**What the task requires**: Your answer must be an exact copy of the listing that follows, with all pictures omitted.

**Data extract**:
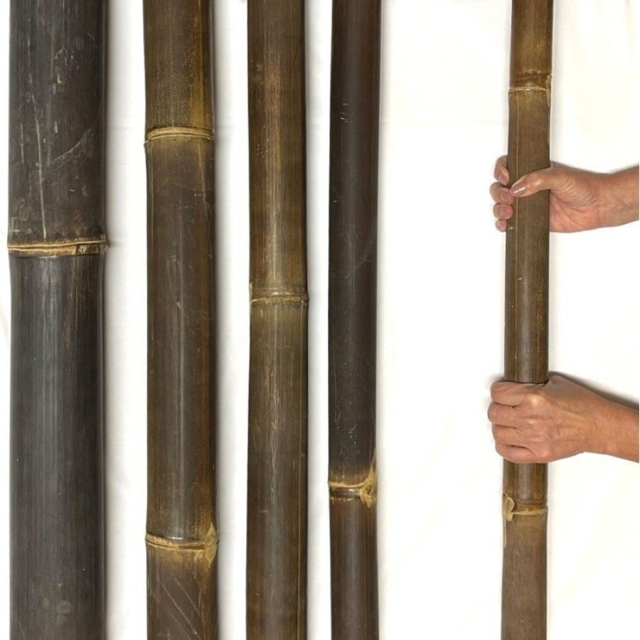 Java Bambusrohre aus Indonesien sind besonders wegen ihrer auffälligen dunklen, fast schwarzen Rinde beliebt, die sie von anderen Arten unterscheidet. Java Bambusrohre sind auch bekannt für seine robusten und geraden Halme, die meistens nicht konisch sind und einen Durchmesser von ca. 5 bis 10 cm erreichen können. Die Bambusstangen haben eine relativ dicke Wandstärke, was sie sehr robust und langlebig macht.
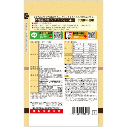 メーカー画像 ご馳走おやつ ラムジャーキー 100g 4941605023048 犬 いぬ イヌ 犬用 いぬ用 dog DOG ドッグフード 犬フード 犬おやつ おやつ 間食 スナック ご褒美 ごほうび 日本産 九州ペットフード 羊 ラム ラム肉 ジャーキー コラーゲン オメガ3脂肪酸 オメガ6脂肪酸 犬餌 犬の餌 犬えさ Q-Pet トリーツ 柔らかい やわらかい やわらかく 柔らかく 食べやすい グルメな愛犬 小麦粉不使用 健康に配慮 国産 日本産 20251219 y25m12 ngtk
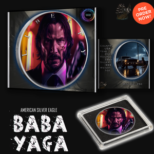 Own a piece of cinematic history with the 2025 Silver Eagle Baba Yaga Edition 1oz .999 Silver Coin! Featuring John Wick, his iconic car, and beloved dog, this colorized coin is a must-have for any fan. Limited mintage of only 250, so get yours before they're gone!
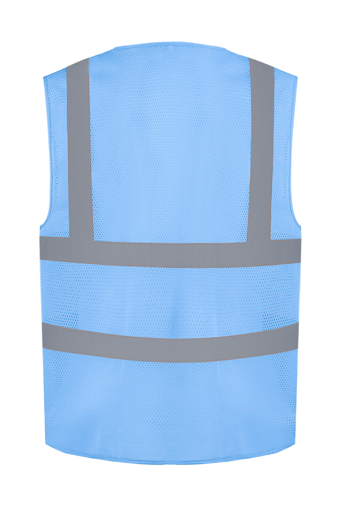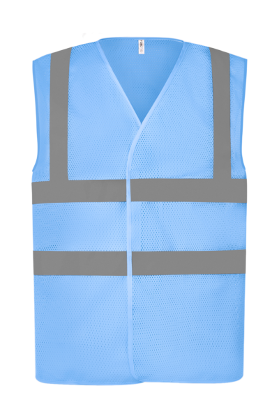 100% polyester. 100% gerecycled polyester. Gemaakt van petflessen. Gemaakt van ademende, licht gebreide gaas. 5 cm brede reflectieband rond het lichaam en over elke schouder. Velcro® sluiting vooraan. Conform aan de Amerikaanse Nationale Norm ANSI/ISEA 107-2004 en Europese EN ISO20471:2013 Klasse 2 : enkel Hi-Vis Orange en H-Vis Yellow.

**Response for this exercise**:
 Java Bambusrohre aus Indonesien sind besonders wegen ihrer auffälligen dunklen, fast schwarzen Rinde beliebt, die sie von anderen Arten unterscheidet. Java Bambusrohre sind auch bekannt für seine robusten und geraden Halme, die meistens nicht konisch sind und einen Durchmesser von ca. 5 bis 10 cm erreichen können. Die Bambusstangen haben eine relativ dicke Wandstärke, was sie sehr robust und langlebig macht.
 メーカー画像 ご馳走おやつ ラムジャーキー 100g 4941605023048 犬 いぬ イヌ 犬用 いぬ用 dog DOG ドッグフード 犬フード 犬おやつ おやつ 間食 スナック ご褒美 ごほうび 日本産 九州ペットフード 羊 ラム ラム肉 ジャーキー コラーゲン オメガ3脂肪酸 オメガ6脂肪酸 犬餌 犬の餌 犬えさ Q-Pet トリーツ 柔らかい やわらかい やわらかく 柔らかく 食べやすい グルメな愛犬 小麦粉不使用 健康に配慮 国産 日本産 20251219 y25m12 ngtk
 Own a piece of cinematic history with the 2025 Silver Eagle Baba Yaga Edition 1oz .999 Silver Coin! Featuring John Wick, his iconic car, and beloved dog, this colorized coin is a must-have for any fan. Limited mintage of only 250, so get yours before they're gone!
 100% polyester. 100% gerecycled polyester. Gemaakt van petflessen. Gemaakt van ademende, licht gebreide gaas. 5 cm brede reflectieband rond het lichaam en over elke schouder. Velcro® sluiting vooraan. Conform aan de Amerikaanse Nationale Norm ANSI/ISEA 107-2004 en Europese EN ISO20471:2013 Klasse 2 : enkel Hi-Vis Orange en H-Vis Yellow.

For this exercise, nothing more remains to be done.